The answer must restate the listing word for word, without its images.
________________________
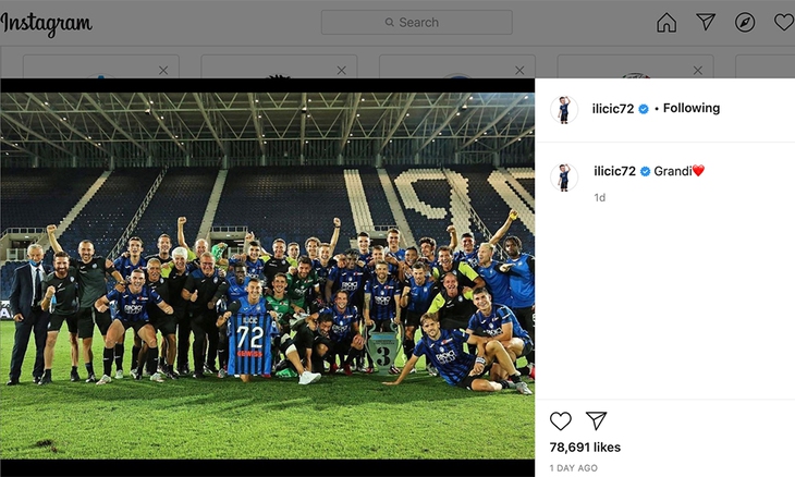 Sau thời gian dài biến mất, ngày 2-8 Ilicic vừa đăng lên Story của Instagram hình ảnh hạnh phúc với vợ Tina.Trong ngày 3-8, Ilicic - sau thời gian biến mất khỏi công chúng - đã xuất hiện trên Instagram, đăng tấm ảnh cả đội Atalanta, trong đó các đồng đội cầm áo số 72 của anh ăn mừng ngôi vị thứ 3 tại Serie A, kèm dòng chữ "Tuyệt vời!".
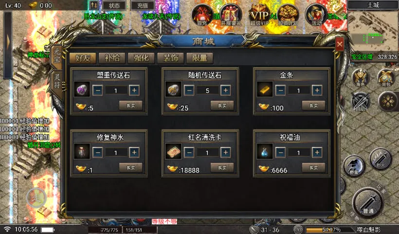 (7)装备顺序:沃玛-祖玛-赤月-魔龙-火龙-金牛-雷炎-荣耀-虎威-主宰-传奇-皓月-刺影-神龙-魅影-血影
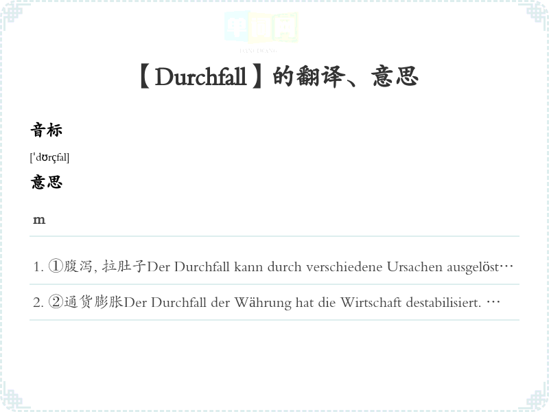 ②通货膨胀Der Durchfall der Währung hat die Wirtschaft destabilisiert. 货币贬值使经济不稳定。
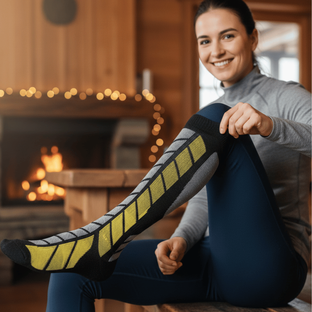 Inside, they are soft and woolly, yet stable enough to provide good support in ski boots. So you get comfort and function in one.
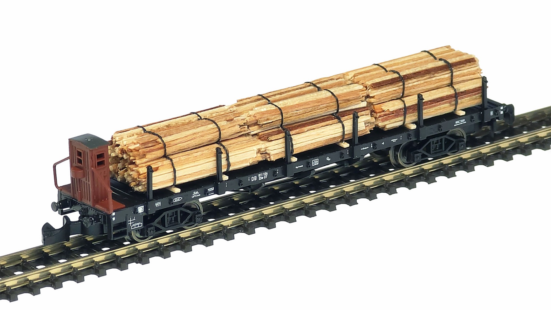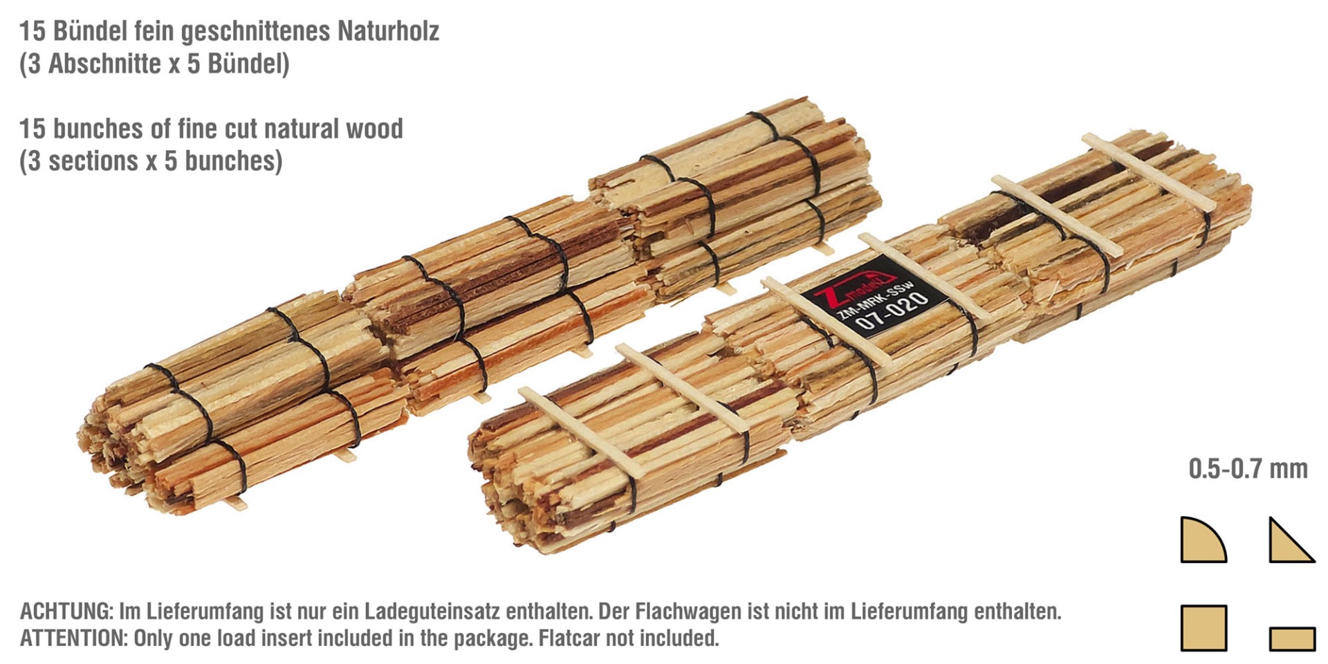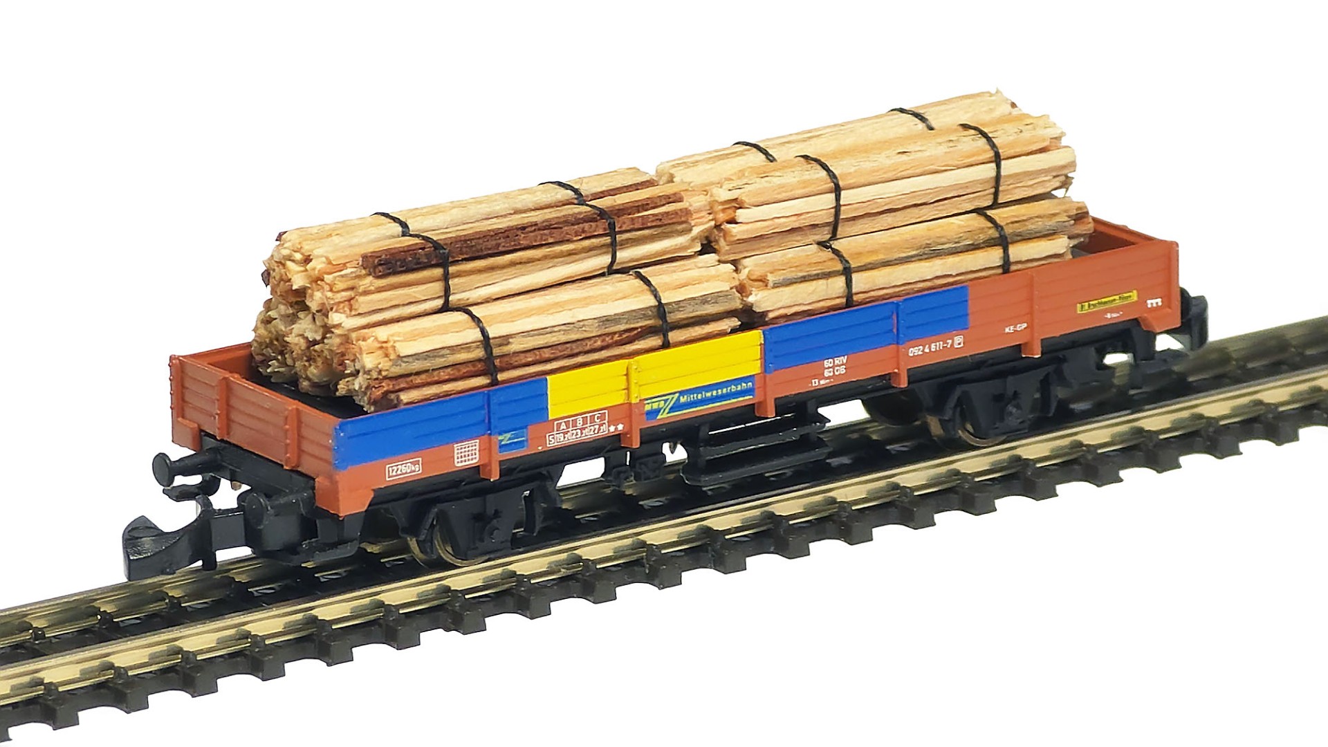 Although it is in general quite difficult to imitate this type of wood product in 1:220 scale, I managed to do it as close to the prototype as possible. For this, very thin (around 0.5 mm) wood sheets in varying colors were used - they have been cut into thin sticks, arranged into round bunches and tied with synthetic thread stabilized with invisible glue.
________________________
* **Written answer**
 Sau thời gian dài biến mất, ngày 2-8 Ilicic vừa đăng lên Story của Instagram hình ảnh hạnh phúc với vợ Tina.Trong ngày 3-8, Ilicic - sau thời gian biến mất khỏi công chúng - đã xuất hiện trên Instagram, đăng tấm ảnh cả đội Atalanta, trong đó các đồng đội cầm áo số 72 của anh ăn mừng ngôi vị thứ 3 tại Serie A, kèm dòng chữ "Tuyệt vời!".
 (7)装备顺序:沃玛-祖玛-赤月-魔龙-火龙-金牛-雷炎-荣耀-虎威-主宰-传奇-皓月-刺影-神龙-魅影-血影
 ②通货膨胀Der Durchfall der Währung hat die Wirtschaft destabilisiert. 货币贬值使经济不稳定。
 Inside, they are soft and woolly, yet stable enough to provide good support in ski boots. So you get comfort and function in one.
 Although it is in general quite difficult to imitate this type of wood product in 1:220 scale, I managed to do it as close to the prototype as possible. For this, very thin (around 0.5 mm) wood sheets in varying colors were used - they have been cut into thin sticks, arranged into round bunches and tied with synthetic thread stabilized with invisible glue.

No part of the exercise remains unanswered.